AI Training Data for Agriculture: An Experiment in Artificial Intelligence “Learning”

Potential countries: Burkina Faso
P4 Testing
GIZ Meissner Benin 20 v2
giz Meissner Benin 4
GIZ Meissner Benin 18


Feeding a growing world population with limited resources requires a fundamental transformation in agricultural production, including adjustments to the approach of smallholder farming systems in developing countries. Smallholder farmer productivity is low - in part due to factors such as climate change, etc. - while agricultural value chains and markets in developing countries remain largely informal and non-transparent.

Recent technological advancements in areas like earth observation, big data mining, and Artificial Intelligence (AI) can serve as driving forces in the push towards an inclusive agricultural transformation. The availability of high-resolution remote sensing imagery and crowdsourcing technologies (i.e. smartphone apps) enables unprecedented access to data-driven services that would have been unthinkable even five years ago.

Early evidence suggests these services increase smallholder productivity and profitability - mostly by providing better information - while alleviating poverty among smallholder families. Still, in order to unlock the widespread use of AI for the purposes of better service delivery in these contexts, “ground data” is needed to train machine learning algorithms.

 The data may contain such information as farmer profiles, land usage, crop yields, soil properties, and financial transactions. These types of data are key to connecting people in resource-constraint settings to the benefits of recent technological advancements. For this reason, they are incredibly important to the work of GIZ and its partners.
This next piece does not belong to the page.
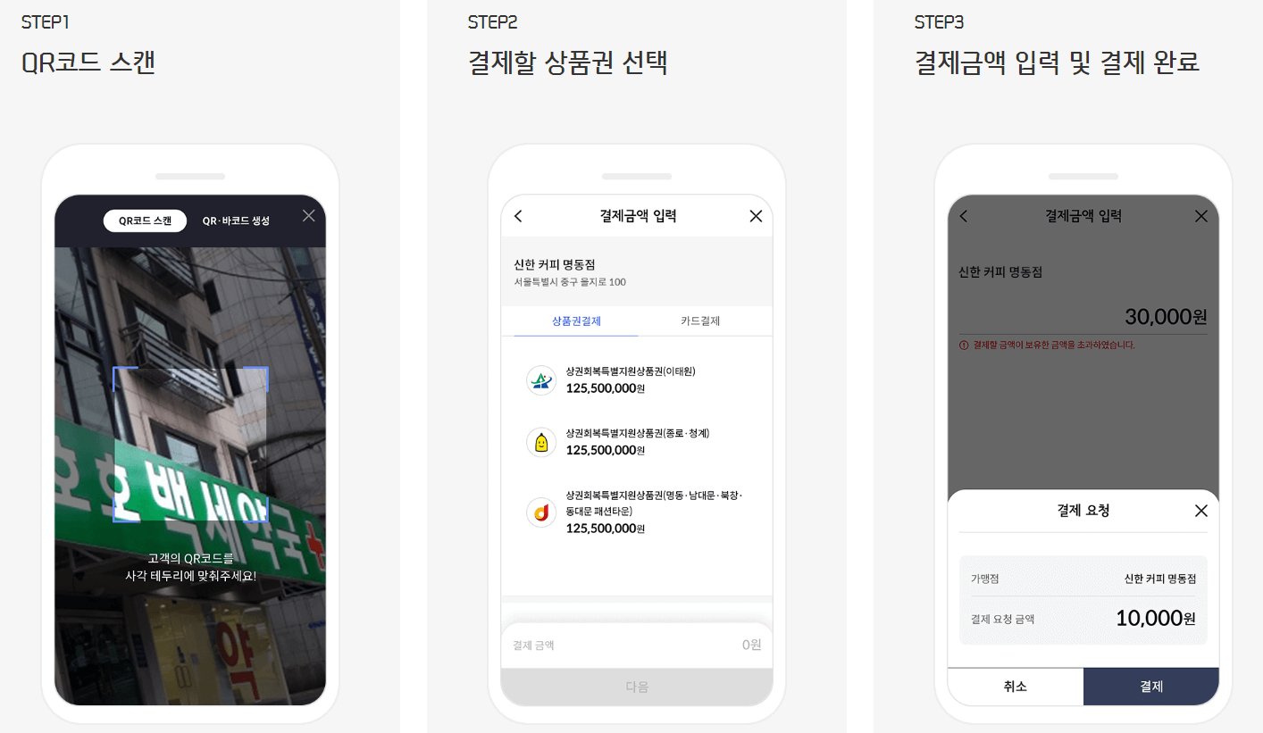 - 방법 2: 이용고객의 폰으로 생성한 QR을 가맹점에 제시하면 가맹점에서 스캔하여 상품권을 사용합니다.

At the GIZ Data Lab, we seek to assess the applicability of AI in settings of international cooperation, exploring to what extent GIZ project data is suitable for training machine learning models.


Since data availability is very limited in developing countries (particularly in informal sectors), the use of AI for service delivery to beneficiaries has only been applied on very few occasions and solely on a pilot basis. Our experiment, entitled AI Training Data for Agriculture tries to close this gap by showcasing the applicability of AI-driven delivery in the Global South. In it, we work to address the following question: How might we use GIZ project data to train an AI-based crop information system that helps to increase smallholder farm output?
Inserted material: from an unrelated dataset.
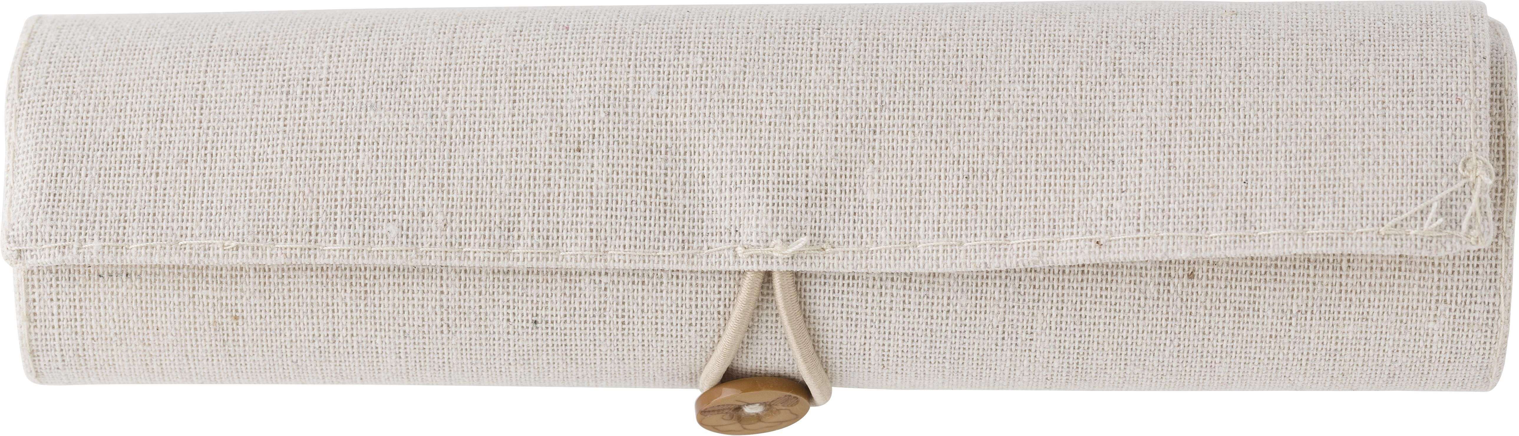 Set da disegno in lino, composto da sei matite nei colori blu reale, blu scuro, verde, giallo, arancione e viola, temperamatite e gomma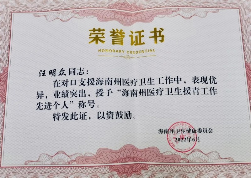 黃淮網(wǎng) 近日,一份青海省興?h海南州衛(wèi)生健康委員會(huì)寄出的“海南州醫(yī)療衛(wèi)生援青工作先進(jìn)個(gè)人”的表彰決定和榮譽(yù)證書(shū)攜著興?h人民濃濃的牽掛和敬意跨越1800多公里疆域被送至徐州市第一人民醫(yī)院兒科主任醫(yī)師汪明眾的手中。

The following Key Performance Indicators are important for AI-driven classification and prediction:

  • Crop system identification.
  • Crop area, planting density, and yield.
  • Crop condition and stresses (both biotic and abiotic).
  • Crop traits (i.e. soil, fertilization) under certain climatic and agronomic conditions.

The Data Lab explored and assessed existing agricultural GIZ-projects across the globe and chose to run its first pilot with data from the Competitive Cashew Initiative (ComCashew). ComCashew works along the cashew value chains in six countries within Sub-Saharan Africa (mainly Western regions), cooperating with approximately 170 private and public partners to reach more than 600.000 farmers so far. For measuring success, the project follows sophisticated monitoring and evaluation practices based on rich and comprehensive farmer survey data, including GPS-based field measurements.

Key Findings and future applications

In cooperation with  Dalberg Data Insights' project data from Burkina Faso (in which their team attempted to “train” a machine to make qualitative classifications such as crop type maps, along with quantitative forecasts like yield maps), ComCashew’s “ground data” provided information on both a cashew plantation’s geo-location and yield. The data aimed to answer the question: How much cashews are harvested at specific points in time, and on which plantation area?

Correlating this data with information from the European Space Agency, the algorithm “learned” how to differentiate between cashew and non-cashew areas just by “looking” at the satellite images. This application showcases how development cooperation projects may unlock a “hidden data treasure” by designing their data collection procedures in compliance with AI training data requirements - a finding with great potential for supporting future data-based projects in the agricultural development sector.

AI Training Data 2 v2

The experiment proves that, based on field survey data from GIZ, it is possible to produce accurate, large-scale crop maps while estimating corresponding yields. We regard this as early evidence in favor of our hypothesis: that the ground data GIZ is collecting carries an untapped potential for AI applications. The latter will have a great impact on how future solutions can effectively address development problems. For instance, AI applications may be used as an early warning system for crop failure and food crisis, giving governments and aid agencies more time to respond. However, the fruits of such applications can only benefit the rural poor appropriately if reliable and unbiased training data for such settings is made openly available.

Ultimately, the most important outcomes from our experiment are:

  • Increased awareness about the value of such data.
  • Evidence promoting a forward-looking data strategy and collection method.
  • An evidenced need for establishing governance that enables us to make the most of our data, as a company but also as a player in the international cooperation community.

As of today, one of the greatest GIZ training data “treasures” consists of clear historical data. The remaining (and probably much bigger) bounty would be the adoption of a corresponding data governance design - one which encourages the necessary adjustments in project data collection procedures. When streamlined globally and made widely available, the GIZ “training data treasure” is set to become a valuable “open data” treasure.